It's relatively rare for a Toronto-based company to move to Calgary. Business leaders say it will provide a symbolic boost to the city, which is experiencing a sluggish economy and downtown office vacancy rate above 20 per cent.
"It's been a long time since it's happened," said Mary Moran, president of Calgary Economic Development, who suggests other companies will take a more serious look at relocating to the city following the De Beers announcement.
"This is really important," she said. "We're a globally connected city, we have a highly educated workforce here that has exploration experience."
Some of the new hires are from the oil and gas industry.
The Canadian head office for the global diamond mining and marketing company has a staff about 65 people. It operates one mine in northern Ontario and has two sites in the Northwest Territories.
The move is part of a restructuring process. It's shutting down its underground unprofitable Snap Lake diamond mine, which is 220 kilometres northeast of Yellowknife.

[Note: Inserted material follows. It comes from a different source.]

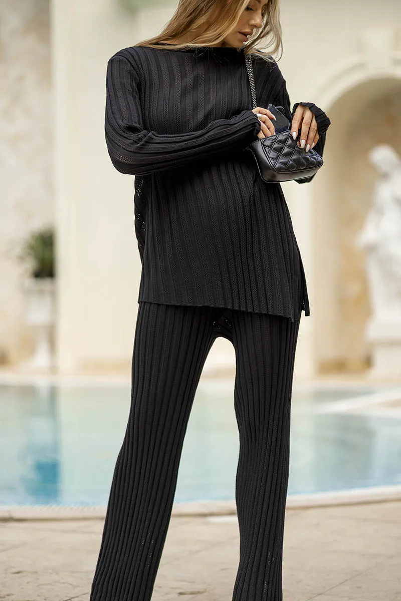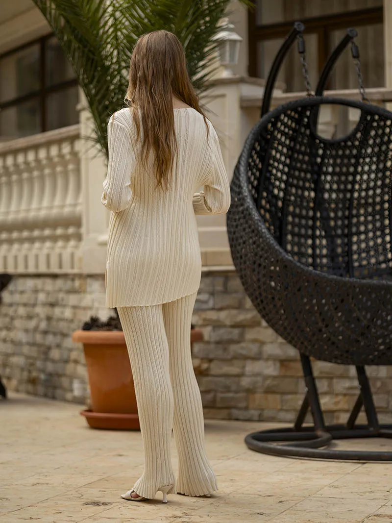 Elevate your casual wardrobe with our Ribbed Knit Two Piece Set for Women. This set includes a long sleeve top and matching pants, both made from high-quality ribbed knit fabric.

Later this year it's opening up its much larger Gahcho Kué project, located about 280 kilometres northeast of Yellowknife.
The company describes Snap Lake as a technically challenged project which was always financially challenged.
"It's been a troubled project from day one," said Truter.
De Beers produced about 1.8 million carats in Canada last year, a figure which is expected to increase to about 3 million when the new Gahcho Kué project is operating.